───── RECORDS ─────

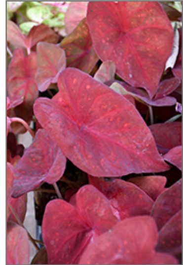
Burning Heart Caladium foliage

Burning Heart Caladium is recommended for the following landscape applications;
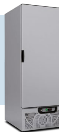
CHEF 600 NX
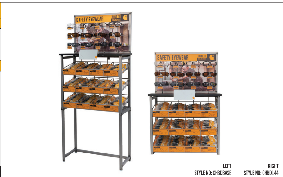
LEFT STYLE NO: CHBDBASE
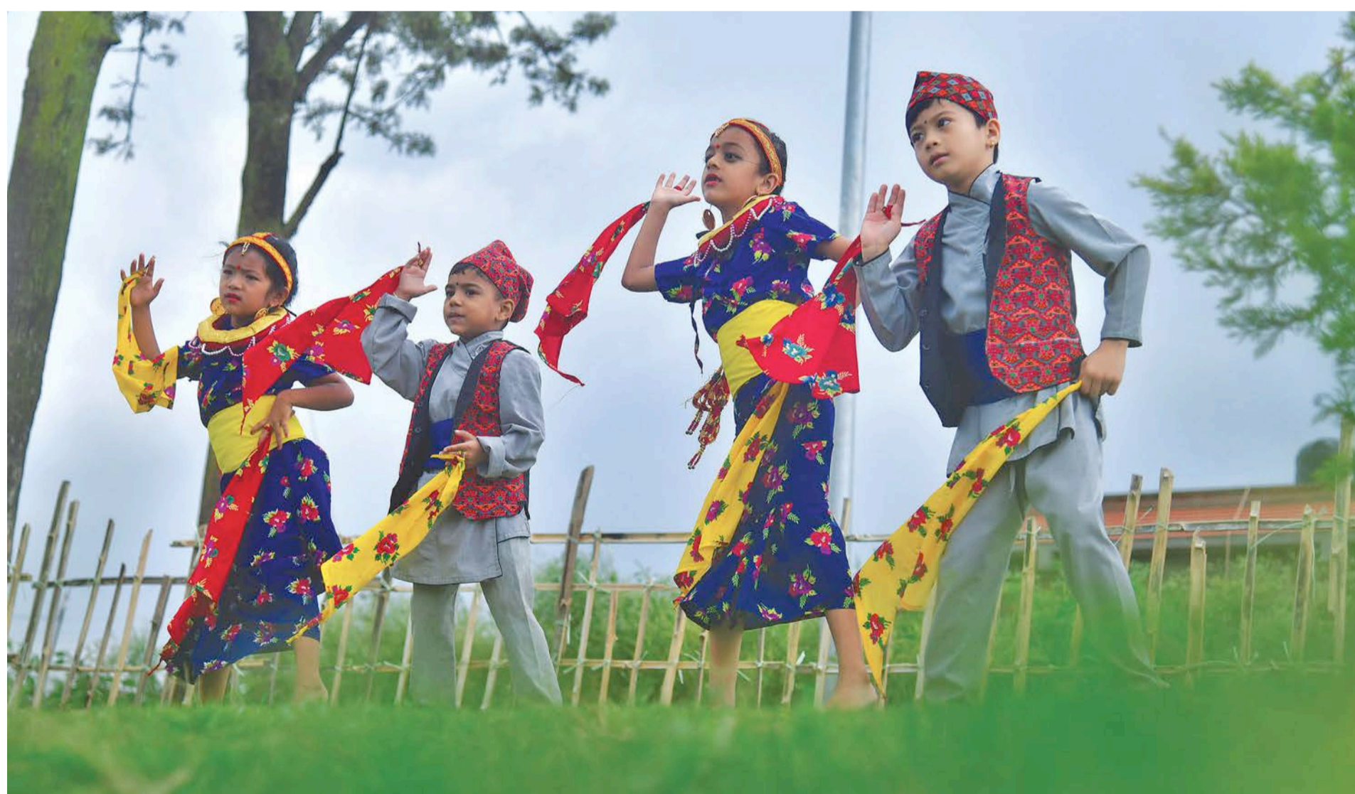
Children in cultural attire perform a dance at Kupondole in Lalitpur on Saturday.

WORK completion at the Bheri Babai Diversion Multipurpose Project in Bheriganga Municipality, Surkhet.

─────

> REQUIREMENT:
Please set down every record above exactly as it appears, leaving out the pictures.

> FINISHED TASK:
Burning Heart Caladium foliage

Burning Heart Caladium is recommended for the following landscape applications;
CHEF 600 NX
LEFT STYLE NO: CHBDBASE
Children in cultural attire perform a dance at Kupondole in Lalitpur on Saturday.

WORK completion at the Bheri Babai Diversion Multipurpose Project in Bheriganga Municipality, Surkhet.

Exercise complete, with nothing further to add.